Task details: Retype the listing below line for line, but only from the line with "Наше тесто подошло" down to the line with "メッシュ長袖ゆるカットプルオーバー", inclusive. Pictures stay out.

Given records:

^^^^^^^^^^^^^^^^

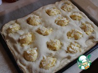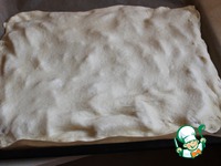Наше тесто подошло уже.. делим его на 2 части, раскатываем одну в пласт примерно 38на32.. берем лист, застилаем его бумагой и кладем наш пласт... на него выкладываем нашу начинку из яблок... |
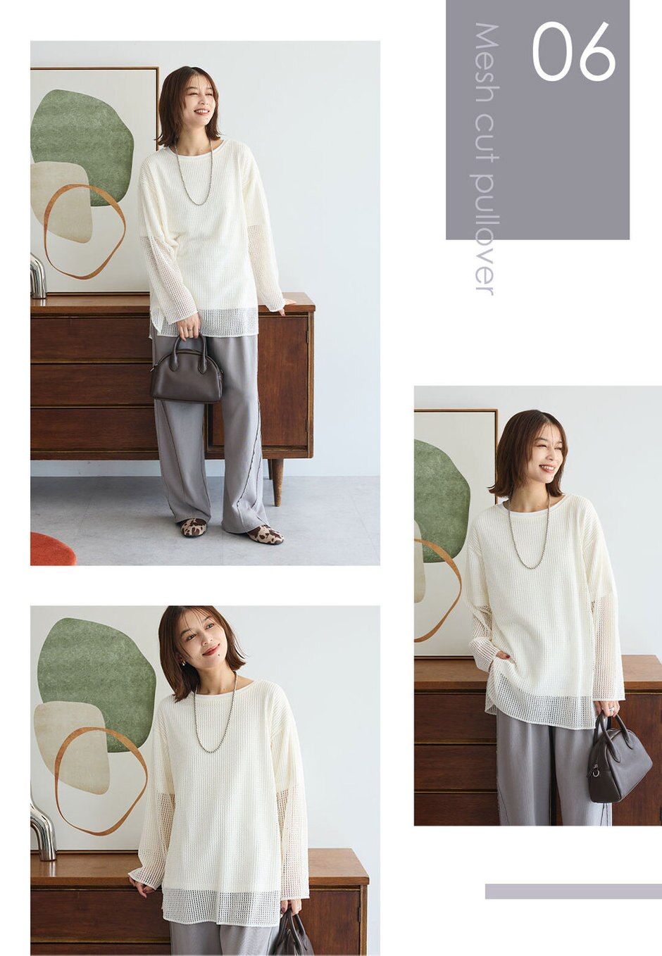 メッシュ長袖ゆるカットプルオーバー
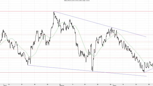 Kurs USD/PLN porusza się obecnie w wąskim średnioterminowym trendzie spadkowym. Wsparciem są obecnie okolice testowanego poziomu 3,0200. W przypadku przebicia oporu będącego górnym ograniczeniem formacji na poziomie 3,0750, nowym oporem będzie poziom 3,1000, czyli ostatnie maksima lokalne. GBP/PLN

^^^^^^^^^^^^^^^^

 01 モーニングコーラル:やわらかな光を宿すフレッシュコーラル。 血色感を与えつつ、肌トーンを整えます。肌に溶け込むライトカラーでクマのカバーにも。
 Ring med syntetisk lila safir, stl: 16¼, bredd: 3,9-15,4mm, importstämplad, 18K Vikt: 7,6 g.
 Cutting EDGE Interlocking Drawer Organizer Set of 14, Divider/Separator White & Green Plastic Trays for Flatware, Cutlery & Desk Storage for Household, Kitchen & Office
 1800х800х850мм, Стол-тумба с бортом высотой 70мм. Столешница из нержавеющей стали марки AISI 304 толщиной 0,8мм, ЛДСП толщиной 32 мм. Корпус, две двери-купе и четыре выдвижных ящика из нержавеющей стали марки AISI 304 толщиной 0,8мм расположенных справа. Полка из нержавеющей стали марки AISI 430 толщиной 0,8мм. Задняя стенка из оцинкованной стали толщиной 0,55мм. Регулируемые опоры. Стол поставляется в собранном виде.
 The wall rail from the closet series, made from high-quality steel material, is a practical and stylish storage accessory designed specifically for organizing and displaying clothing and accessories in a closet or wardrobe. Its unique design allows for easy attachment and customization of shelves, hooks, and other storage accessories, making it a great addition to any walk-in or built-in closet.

^^^^^^^^^^^^^^^^

Task answer:
Наше тесто подошло уже.. делим его на 2 части, раскатываем одну в пласт примерно 38на32.. берем лист, застилаем его бумагой и кладем наш пласт... на него выкладываем нашу начинку из яблок... |
 メッシュ長袖ゆるカットプルオーバー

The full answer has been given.